Overall, RAPID helps when you cannot just “plug in more GPUs” because the power grid or building limits you. It squeezes more performance out of the same electricity by matching power to each phase’s needs and adjusting in real time.

Implications and Impact

  • For data centers with tight electricity limits (a growing reality), RAPID can deliver more reliable AI service without breaking power budgets.
  • It improves energy efficiency and reduces costs by increasing useful work per watt.
  • It’s especially helpful for companies running smaller, tunable models on limited on-prem hardware.
  • The ideas can scale from one node to larger racks, and can complement other power management strategies.
  • In the bigger picture, smarter power-aware serving can make AI more sustainable and easier to deploy where power is scarce.

In short: RAPID makes AI servers smarter about electricity.

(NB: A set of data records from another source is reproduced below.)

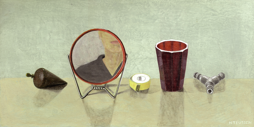 Stillleben mit Spiegel · 28,5 x 57 cm · Tempera auf Holz · 2002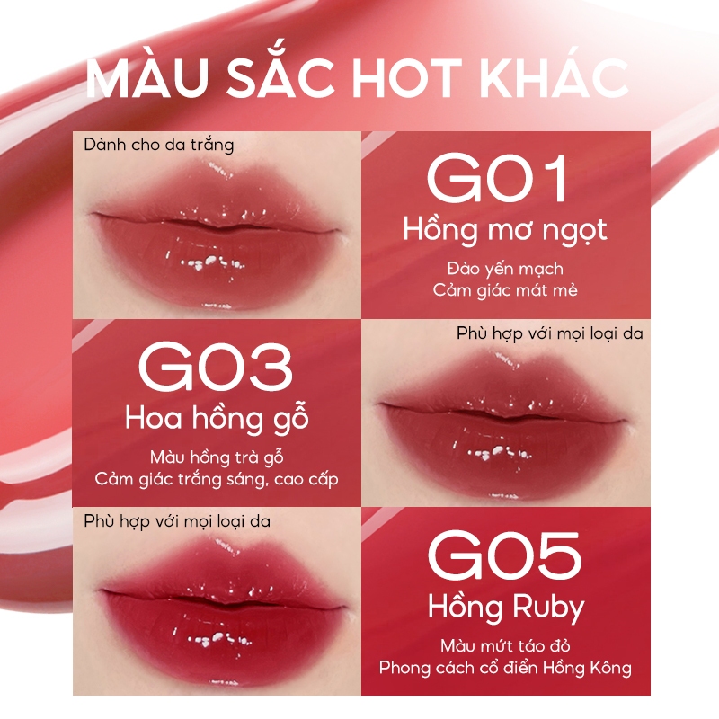 | Không bết dính | Chất son mịn, mượt, nhẹ môi |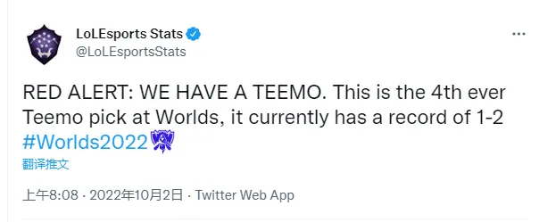 虎扑10月02日讯 在ISG对阵RNG的比赛里,ISG上单选手ADD选到了提莫上单,上一次提莫队长登上世界赛舞台还要追溯到2013年的9月22日,TSM中单猩猩队长在对阵GG战队的小组赛里选到了中单提莫,但最终输掉比赛。

By splitting tasks and dynamically shifting power and GPU roles, it keeps response times steady and handles busy periods better—all while staying within a strict energy budget.

Knowledge Gaps

Knowledge gaps, limitations, and open questions

Below is a single, consolidated list of gaps, uncertainties, and unexplored aspects that future work could address to strengthen, generalize, and operationalize RAPID.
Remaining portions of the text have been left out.